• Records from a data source
_____

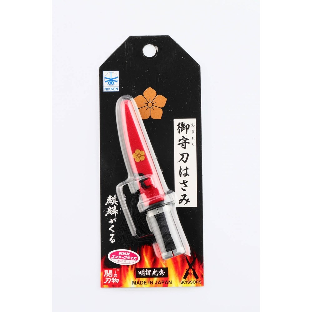 明智光秀の日本刀をイメージし、鞘には桔梗紋があしらわれています。
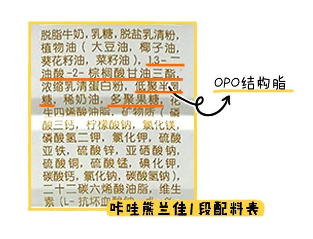 至于特色強化配方,它指的是一些商家宣傳自家奶粉特別添加進去的,區別于其他品牌的營養素。蘭佳各段數是添加了OPO和益生元組合(低聚半乳糖+多聚果糖)。
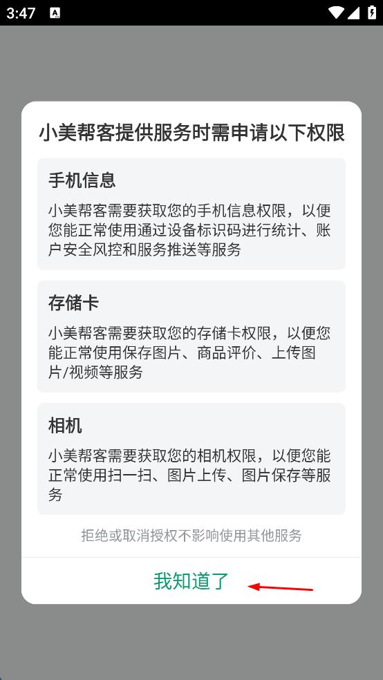 1、打開小美幫客App,出現(xiàn)權(quán)限申請彈窗,閱讀后點擊我知道了按鈕。
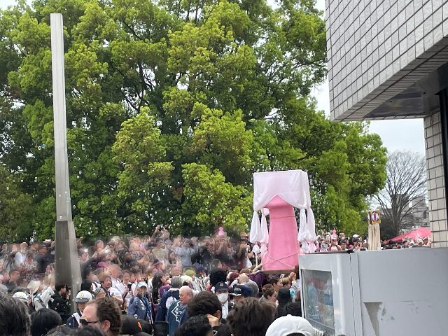 12時22分、やっと着いた公園の人だかりもすさまじく、まるで表象された男根たちは世界のアイドルかのよう!
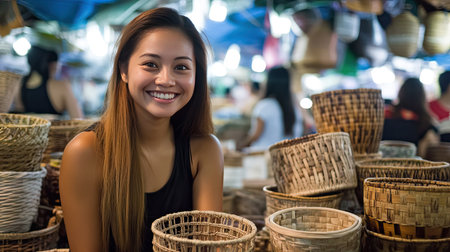 A cheerful Asian woman examining handwoven baskets at Chatuchak Market, her casual style and smile capturing the essence of travel and lifestyle.
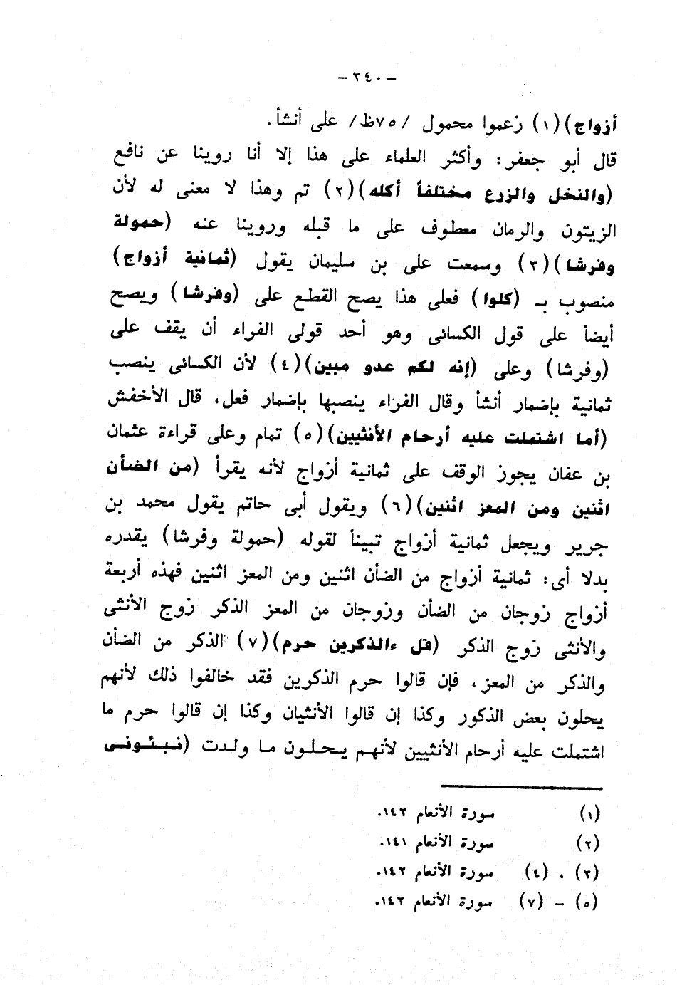 قال أبو جعفر: وأكثر العلماء على هذا إلا أنا روينا عن نافع {والنخل والزرع مختلفًا أكله} تم وهذا لا معنى له لأن الزيتون والرمان معطوف على ما قبله وروينا عنه {حمولة وفرشا} وسمعت علي بن سليمان يقول (ثمانية أزواج) منصوب بـ (كلوا) فعلى هذا يصح القطع على (وفرشا) ويصح أيضًا على قول الكسائي وهو أحد قولي الفراء أن يقف على (وفرشا) وعلى {إنه لكم عدو مبين} لأن الكسائي ينصب ثمانية بإضمار أنشأ وقال الفراء ينصبها بإضمار فعل، قال الأخفش {أما اشتملت عليه أرحام الأنثيين} تمام وعلى قراءة عثمان بن عفان يجوز الوقف على ثمانية أزواج لأنه يقرأ {من الضأن اثنين ومن المعز اثنين} ويقول أبي حاتم يقول محمد بن جرير ويجعل ثمانية أزواج تبينًا لقوله (حمولة وفرشا) يقدره بدلا أي: ثمانية أزواج من الضأن اثنين ومن المعز اثنين فهذه أربعة أزواج زوجان من الضأن وزوجان من المعز الذكر زوج الأنثى والأنثى زوج الذكر {قل ءالذكرين حرم} الذكر من الضأن والذكر من المعز، فإن قالوا حرم الذكرين فقد خالفوا ذلك لأنهم يحلون بعض الذكور وكذا إن قالوا الأنثيان وكذا إن قالوا حرم ما اشتملت عليه أرحام الأنثيين لأنهم يحلون ما ولدت {نبئوني
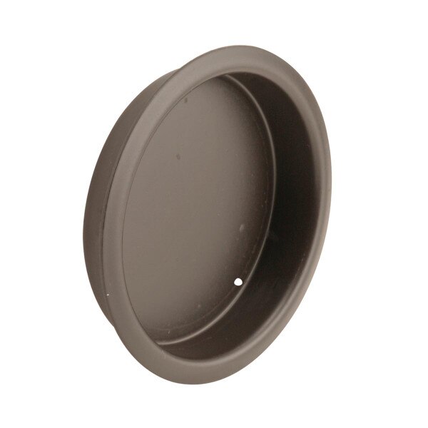 This is a stamped steel 2 inch round door pull with a Classic Bronze finish. It is pressed into the 2-1/8 inch diameter hole in the closet door and held in by a set of nails. Silicone glue may be required if the hole has worn larger. It has a Classic Bronze finish and used on many closet door manufacturer's doors. There are 2 pulls and 4 nails per package.
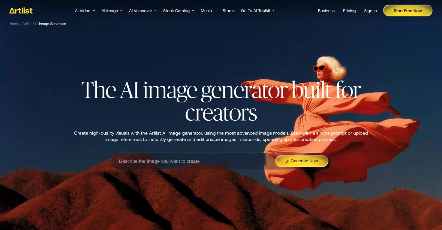 Artlist AI Image Generator - это инструмент, предназначенный для создания высококачественных визуальных изображений на основе подсказок пользователя или загруженных ссылок на изображения. Предлагая выбор самых современных моделей генерации изображений с помощью искусственного интеллекта, он позволяет пользователям генерировать уникальные изображения за считанные секунды.
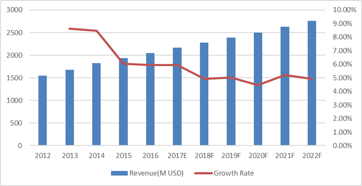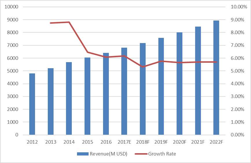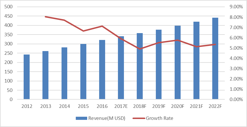 歐洲市場(chǎng)在過(guò)去幾年已經(jīng)成熟并穩(wěn)定發(fā)展,未來(lái)幾年將保持這一趨勢(shì),2016年為18.49億美元,2022年將達(dá)到25.57億美元,2016年至2022年的復(fù)合年增長(zhǎng)率為5.55%。但在時(shí)代的變化中,歐洲也充滿了許多不確定性,包括政治選舉、貿(mào)易政策和歷史問(wèn)題。
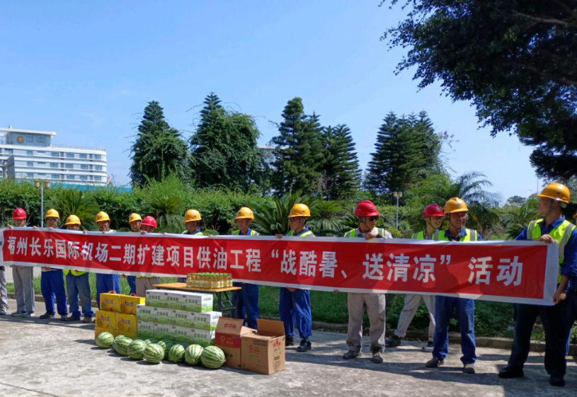 7月23日,公司項目中心福州長樂國際機場供油工程項目部開展“戰(zhàn)酷暑、送清涼”慰問活動。
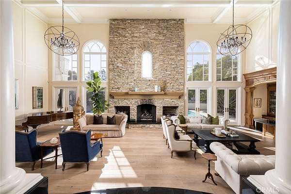 Welcome to 31632 Trigo Trail, an extraordinary 9,500-square-foot, 7 Bedroom/7Bathroom estate nestled on 2.5 acres of pristine land within the exclusive Los Ranchos Estates enclave, part of the highly sought-after, guard-gated community of Coto de Caza. Offering the pinnacle of privacy and elegance, this magnificent property is secured behind its own private gate. As you approach, a beautifully manicured front yard and graceful circular driveway guide you to a stately porte-cochere, setting the tone for the opulence that awaits within. Step through the grand entrance into an impressive foyer featuring a sweeping staircase bathed in natural light, creating a breathtaking first impression. The expansive formal sitting room is designed for sophisticated entertaining, showcasing rich wood floors, a striking floor-to-ceiling fireplace, exquisite designer chandeliers, and a stunning entertainment bar. The gourmet chef's kitchen offers a generous center island with bar seating, premium stainless steel appliances, and panoramic views of the lush grounds and sparkling pool make this kitchen a masterpiece of style and functionality. Adjacent to the kitchen, a charming breakfast nook accented by a cozy fireplace offers a relaxed dining experience, while a connecting room enhances the home's open and airy ambiance. Conveniently located on the main level, the luxurious primary suite exudes tranquility and grandeur. Wood floors, a warming fireplace, and picturesque views of the estate's lush landscape create a true retreat. The spa-like primary bathroom features dual vanities, a dedicated makeup area, a spacious walk-in shower, and a soaking tub. Also on the first level you will find an elegant office detailed with woodwork, coffered ceilings, custom built-ins, wood flooring, and its own fireplace. Upstairs, all secondary bedrooms are generously sized, each boasting private balconies with breathtaking views of the surrounding hillsides and mountains. This level also offers a versatile bonus room and a refined library, perfect for relaxation or study. The estate's outdoor oasis is equally impressive, featuring a private pool and spa, a welcoming outdoor room complete with a fireplace and heaters for year-round enjoyment, a sprawling grass area, a bocce ball court, and so much more--offering endless possibilities for recreation and entertaining. Furnishings are optional. 31632 Trigo Trail offers the finest luxury living Coto de Caza has to offer.
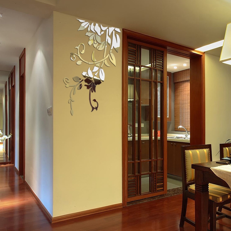 Stylish Mirror Wall Sticker Decal 3d Floral Vine Removable Home Room Decoration
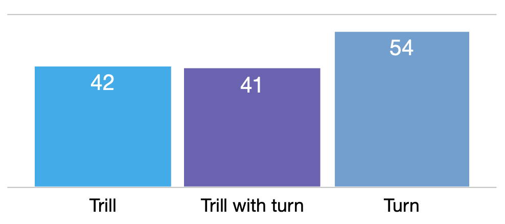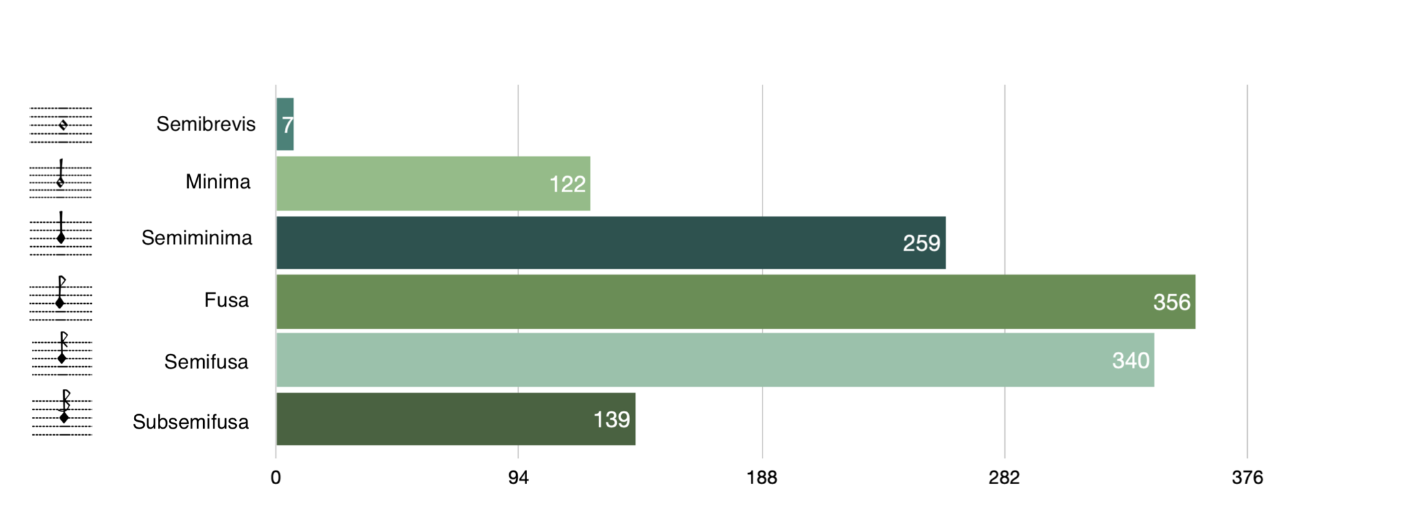 The table below shows how often the mentioned note values appear. This applies only to note values within the ornament; the final note is not included, as it will be addressed in a later section.
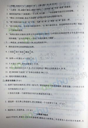 西安奥数网 5.26综合素质评价考试,是2012年西安小升初“大学区”新政的产物。通过5.26考试,孩子增加了一次靠实力考入名校的机会。 奥数班的考试不再是进入名校的唯一通道。因此,2013的备考家长就必须重视5.26综合素质评价考试。因为题型新颖、禁考奥数、3科综合等因 素,5.26的考题和往年各校的真题大不相同。西安奥数网收集了2012年西安小升初5.26综合素质评价的真题,供备考家长们学习参考。
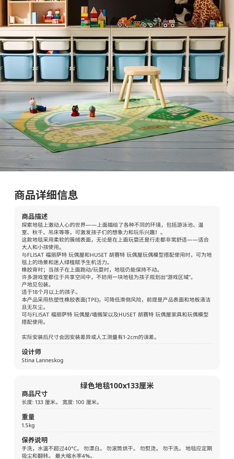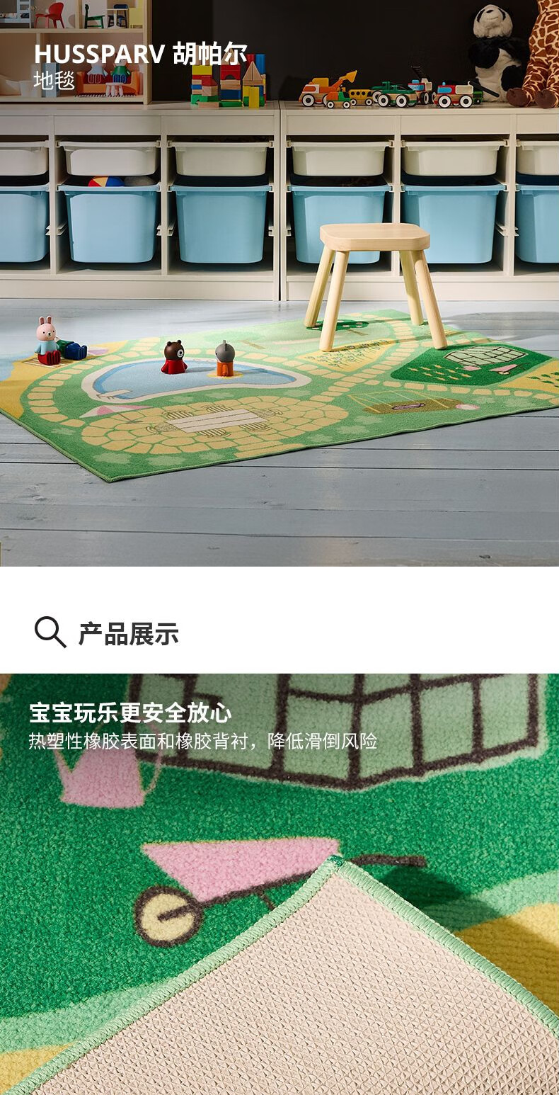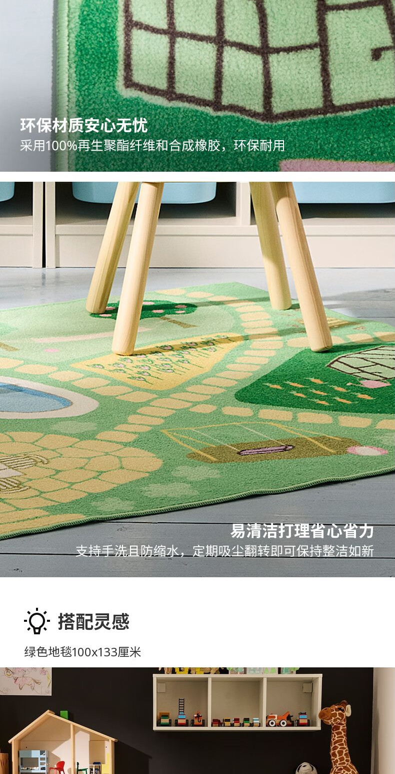 宜家(IKEA)【新品】HUSSPARV胡帕尔儿童地毯防滑玩耍宝宝爬行儿童房 绿色地毯100x133cm

_____

• Task to complete
Output each of the lines above exactly, apart from the images.

• Exercise solution
 明智光秀の日本刀をイメージし、鞘には桔梗紋があしらわれています。
 至于特色強化配方,它指的是一些商家宣傳自家奶粉特別添加進去的,區別于其他品牌的營養素。蘭佳各段數是添加了OPO和益生元組合(低聚半乳糖+多聚果糖)。
 1、打開小美幫客App,出現(xiàn)權(quán)限申請彈窗,閱讀后點擊我知道了按鈕。
 12時22分、やっと着いた公園の人だかりもすさまじく、まるで表象された男根たちは世界のアイドルかのよう!
 A cheerful Asian woman examining handwoven baskets at Chatuchak Market, her casual style and smile capturing the essence of travel and lifestyle.
 قال أبو جعفر: وأكثر العلماء على هذا إلا أنا روينا عن نافع {والنخل والزرع مختلفًا أكله} تم وهذا لا معنى له لأن الزيتون والرمان معطوف على ما قبله وروينا عنه {حمولة وفرشا} وسمعت علي بن سليمان يقول (ثمانية أزواج) منصوب بـ (كلوا) فعلى هذا يصح القطع على (وفرشا) ويصح أيضًا على قول الكسائي وهو أحد قولي الفراء أن يقف على (وفرشا) وعلى {إنه لكم عدو مبين} لأن الكسائي ينصب ثمانية بإضمار أنشأ وقال الفراء ينصبها بإضمار فعل، قال الأخفش {أما اشتملت عليه أرحام الأنثيين} تمام وعلى قراءة عثمان بن عفان يجوز الوقف على ثمانية أزواج لأنه يقرأ {من الضأن اثنين ومن المعز اثنين} ويقول أبي حاتم يقول محمد بن جرير ويجعل ثمانية أزواج تبينًا لقوله (حمولة وفرشا) يقدره بدلا أي: ثمانية أزواج من الضأن اثنين ومن المعز اثنين فهذه أربعة أزواج زوجان من الضأن وزوجان من المعز الذكر زوج الأنثى والأنثى زوج الذكر {قل ءالذكرين حرم} الذكر من الضأن والذكر من المعز، فإن قالوا حرم الذكرين فقد خالفوا ذلك لأنهم يحلون بعض الذكور وكذا إن قالوا الأنثيان وكذا إن قالوا حرم ما اشتملت عليه أرحام الأنثيين لأنهم يحلون ما ولدت {نبئوني
 This is a stamped steel 2 inch round door pull with a Classic Bronze finish. It is pressed into the 2-1/8 inch diameter hole in the closet door and held in by a set of nails. Silicone glue may be required if the hole has worn larger. It has a Classic Bronze finish and used on many closet door manufacturer's doors. There are 2 pulls and 4 nails per package.
 Artlist AI Image Generator - это инструмент, предназначенный для создания высококачественных визуальных изображений на основе подсказок пользователя или загруженных ссылок на изображения. Предлагая выбор самых современных моделей генерации изображений с помощью искусственного интеллекта, он позволяет пользователям генерировать уникальные изображения за считанные секунды.
 歐洲市場(chǎng)在過(guò)去幾年已經(jīng)成熟并穩(wěn)定發(fā)展,未來(lái)幾年將保持這一趨勢(shì),2016年為18.49億美元,2022年將達(dá)到25.57億美元,2016年至2022年的復(fù)合年增長(zhǎng)率為5.55%。但在時(shí)代的變化中,歐洲也充滿了許多不確定性,包括政治選舉、貿(mào)易政策和歷史問(wèn)題。
 7月23日,公司項目中心福州長樂國際機場供油工程項目部開展“戰(zhàn)酷暑、送清涼”慰問活動。
 Welcome to 31632 Trigo Trail, an extraordinary 9,500-square-foot, 7 Bedroom/7Bathroom estate nestled on 2.5 acres of pristine land within the exclusive Los Ranchos Estates enclave, part of the highly sought-after, guard-gated community of Coto de Caza. Offering the pinnacle of privacy and elegance, this magnificent property is secured behind its own private gate. As you approach, a beautifully manicured front yard and graceful circular driveway guide you to a stately porte-cochere, setting the tone for the opulence that awaits within. Step through the grand entrance into an impressive foyer featuring a sweeping staircase bathed in natural light, creating a breathtaking first impression. The expansive formal sitting room is designed for sophisticated entertaining, showcasing rich wood floors, a striking floor-to-ceiling fireplace, exquisite designer chandeliers, and a stunning entertainment bar. The gourmet chef's kitchen offers a generous center island with bar seating, premium stainless steel appliances, and panoramic views of the lush grounds and sparkling pool make this kitchen a masterpiece of style and functionality. Adjacent to the kitchen, a charming breakfast nook accented by a cozy fireplace offers a relaxed dining experience, while a connecting room enhances the home's open and airy ambiance. Conveniently located on the main level, the luxurious primary suite exudes tranquility and grandeur. Wood floors, a warming fireplace, and picturesque views of the estate's lush landscape create a true retreat. The spa-like primary bathroom features dual vanities, a dedicated makeup area, a spacious walk-in shower, and a soaking tub. Also on the first level you will find an elegant office detailed with woodwork, coffered ceilings, custom built-ins, wood flooring, and its own fireplace. Upstairs, all secondary bedrooms are generously sized, each boasting private balconies with breathtaking views of the surrounding hillsides and mountains. This level also offers a versatile bonus room and a refined library, perfect for relaxation or study. The estate's outdoor oasis is equally impressive, featuring a private pool and spa, a welcoming outdoor room complete with a fireplace and heaters for year-round enjoyment, a sprawling grass area, a bocce ball court, and so much more--offering endless possibilities for recreation and entertaining. Furnishings are optional. 31632 Trigo Trail offers the finest luxury living Coto de Caza has to offer.
 Stylish Mirror Wall Sticker Decal 3d Floral Vine Removable Home Room Decoration
 The table below shows how often the mentioned note values appear. This applies only to note values within the ornament; the final note is not included, as it will be addressed in a later section.
 西安奥数网 5.26综合素质评价考试,是2012年西安小升初“大学区”新政的产物。通过5.26考试,孩子增加了一次靠实力考入名校的机会。 奥数班的考试不再是进入名校的唯一通道。因此,2013的备考家长就必须重视5.26综合素质评价考试。因为题型新颖、禁考奥数、3科综合等因 素,5.26的考题和往年各校的真题大不相同。西安奥数网收集了2012年西安小升初5.26综合素质评价的真题,供备考家长们学习参考。
 宜家(IKEA)【新品】HUSSPARV胡帕尔儿童地毯防滑玩耍宝宝爬行儿童房 绿色地毯100x133cm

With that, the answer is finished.